Дедушка по возвращении поступил в Семеновский полк,19 и вскоре императрица сосватала ему невесту, и пребогатую, дочь Татищева, Евпраксию Васильевну. Императрица наградила ее: благословила иконой, пожаловала бриллиантовый цветок с красным яхонтом, жемчужную нить и глазетовое платье со своего плеча.

Бабушка была недолго замужем и имела только двоих детей: батюшку,-- он родился 27 ноября 1731 года, и тетушку, княгиню Марью Михайловну (жену князя Михаила Петровича Волконского). Она родилась 9 января 1736 года, скончалась 6 августа 1786 года, я потом буду говорить о ней подробнее.

IV

В 1733 году бабушка купила в семнадцати верстах от Калуги село Боброво и там постоянно живала большую часть года, а в Москве имела свой дом близ Остоженки, в приходе Илии Обыденного, и мы жили еще в этом доме, когда я шла замуж в 1793 году, и там венчалась. Не могу сказать наверное, чей это был дом: Корсаковых или Татищевых, или куплен был бабушкой. Вероятно, поблизости этого дома от Зачатиевского монастыря и схоронили дедушку Михаила Андреевича в этом монастыре под церковью Милостивого Спаса, что над святыми вратами, а церковь строили прежде еще Корсаковы, и кроме дедушки там погребены многие из них и из Шаховских, так как дедушкина мать была Шаховская.

Батюшка был лет четырнадцати, когда бабушка отвезла его в Петербург, записала каптенармусом в лейб-гвардии Семеновский полк и там оставила, а сама возвратилась в Боброво.

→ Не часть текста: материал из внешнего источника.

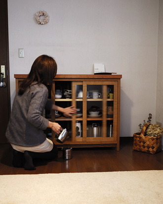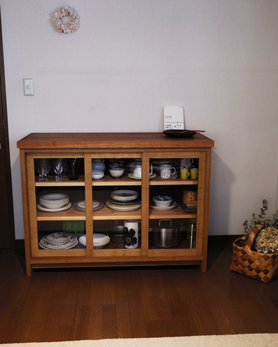 開放スペースが広くて、使いやすい三枚戸。 また、手前に開けるためのスペースもいらない引き戸は 慌ただしい台所仕事の時でも、スムーズな出し入れが魅力です。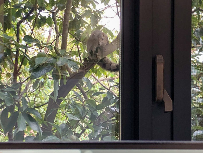 窓の外側には小鳥用にひまわりの種を入れる餌箱を社長が設置し、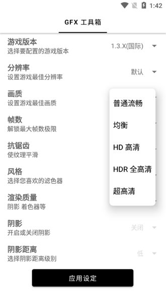 设置游戏的最佳分辨率,确保画面清晰度与设备性能的完美平衡;为您的设备智能推荐最佳画面品质,充分发挥硬件潜力;突破系统限制解锁最大帧数,带来前所未有的流畅体验;先进的抗锯齿技术有效消除画面锯齿,使游戏纹理更加平滑自然;提供多种预设画面风格,满足不同玩家的审美需求;灵活控制阴影效果,可根据实际需求开启或关闭,优化游戏性能表现。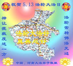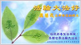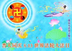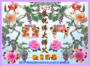 五一三──全球法轮大法日,又是师父的诞辰日,在这喜庆的日子里,我们虽不能像国外大法弟子那样庆祝,但我们的心是相连,恶党永远动不了我们坚如磐石的心,师父请您放心,我们坚决按您的要求去做,事事对照法,做好三件事。

Почтовых сообщений в то время, должно быть, не было, и бабушка посылывала иногда письма на своей лошади, а так как батюшка жил своим хозяйством, то, чтобы подводу не отправлять пустую, бабушка и велит зимой накласть на воз всякой провизии: живности, молочного скопу, муки и всякой всячины, и пошлет из Калуги в Петербург. И едет подвода недели две.

Когда батюшку произвели в офицеры и стал он ходить ко дворцу на караул, то сделался лично известен императрице Елизавете Петровне. Она к нему очень благоволила, и нередко случалось, что отворит форточку и спрашивает, кто из офицеров на карауле, и когда узнает, что Корсаков, пошлет за ним, и редко-редко чтобы не велено угостить его чаркой водки. Многие даже на это внимание к батюшке смотрели не без зависти, а другие не без опасения, и ежели бы по своей оплошности батюшка сам себе не повредил живостью своего характера и излишнею откровенностью в слове, то был бы, может быть, великою особой.

И он впоследствии нередко припоминал этот случай из своей молодости и горько сожалел, что чрез него нажил себе сильных врагов, и, будучи тесним по службе, принужден был выйти в отставку с чином полковника.

Хотя императрица и не живала в Москве постоянно, но Москву любила и часто ее посещала; и когда двор приедет в Москву, то и дело что вечера да балы и маскарады во дворце. Двор приехал в Москву в декабре месяце 1749 года и пробыл чуть ли не более года; за императрицей последовал и лейб-гвардии Семеновский полк, а стало быть и батюшка. Государыня вскоре сделалась нездорова, однако болезнь продолжалась недолго; она оправилась и, желая сделать удовольствие своему особенному любимцу, графу Алексею Григорьевичу Разумовскому,20 поехала к нему за город в подмосковную Перово на праздник, который он для нее устроил,21 и там внезапно опять захворала, так что ее должны были нести в Москву на руках. Она была высокого роста, собою прекрасная, мужественная и очень дородная, а кушала она немало и каждое блюдо запивала глотком сладкого вина; сказывают, она в особенности любила токайское; ну, не мудрено, что при ее полноте кровь приливала к голове, и с ней делались обмороки, так что в конце ужина ее иногда уносили из-за стола в опочивальню.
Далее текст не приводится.